• _Aim of the exercise_
Reproduce the listing that follows in full. Omit its images.

• _Given information_
%%

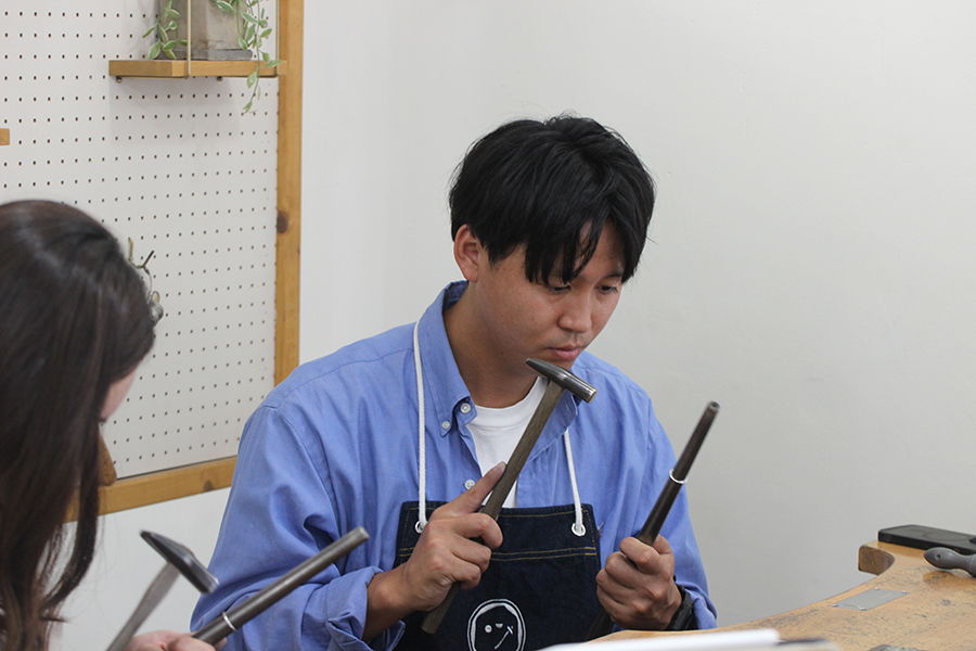 準備が終われば、シンプルな指輪に個性を打ち込む模様付けの作業スタート。
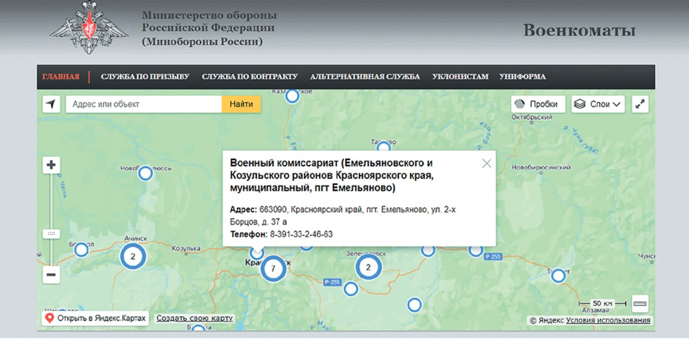 Если город крупный, то вы увидите несколько военкоматов. Кликните на один из них.
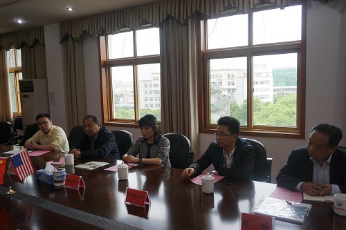 刘晓东校长代表全校师生热烈欢迎美国索菲亚大学代表团一行此次来访,他简要介绍了九江学院的历史沿革、学科建设、特色发展等基本情况,重点介绍了永利yl23411集团官网在国际合作交流方面所做的工作及取得的成绩。他表示两校可从学生互换、师资交流、科研建设等方面切入,再拓展到其它多领域进行友好合作。
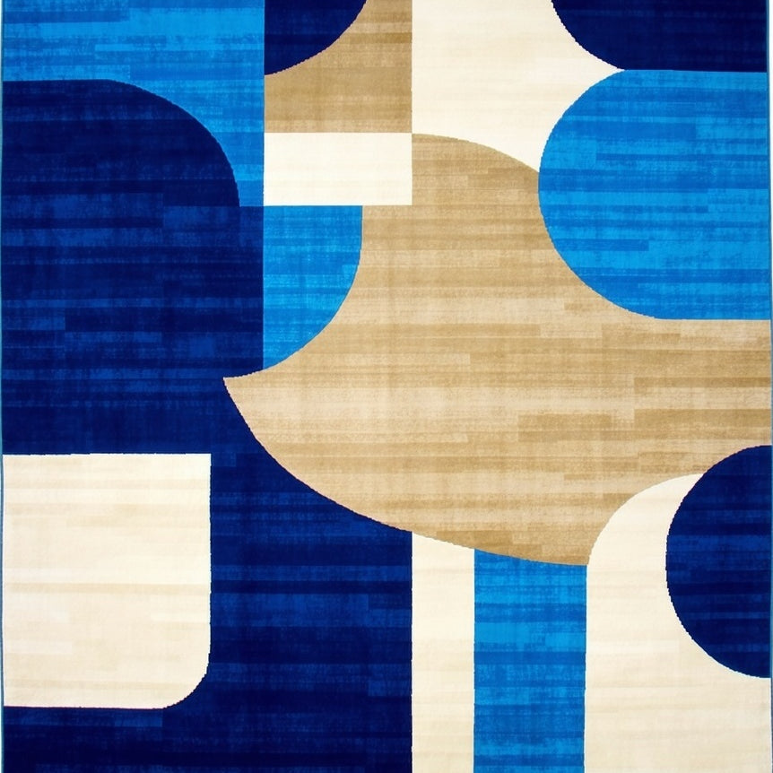 Bold Blue and Beige Geometric Shapes Area for Contemporary Decor(Blue)

%%

• _Result of the exercise_
 準備が終われば、シンプルな指輪に個性を打ち込む模様付けの作業スタート。
 Если город крупный, то вы увидите несколько военкоматов. Кликните на один из них.
 刘晓东校长代表全校师生热烈欢迎美国索菲亚大学代表团一行此次来访,他简要介绍了九江学院的历史沿革、学科建设、特色发展等基本情况,重点介绍了永利yl23411集团官网在国际合作交流方面所做的工作及取得的成绩。他表示两校可从学生互换、师资交流、科研建设等方面切入,再拓展到其它多领域进行友好合作。
 Bold Blue and Beige Geometric Shapes Area for Contemporary Decor(Blue)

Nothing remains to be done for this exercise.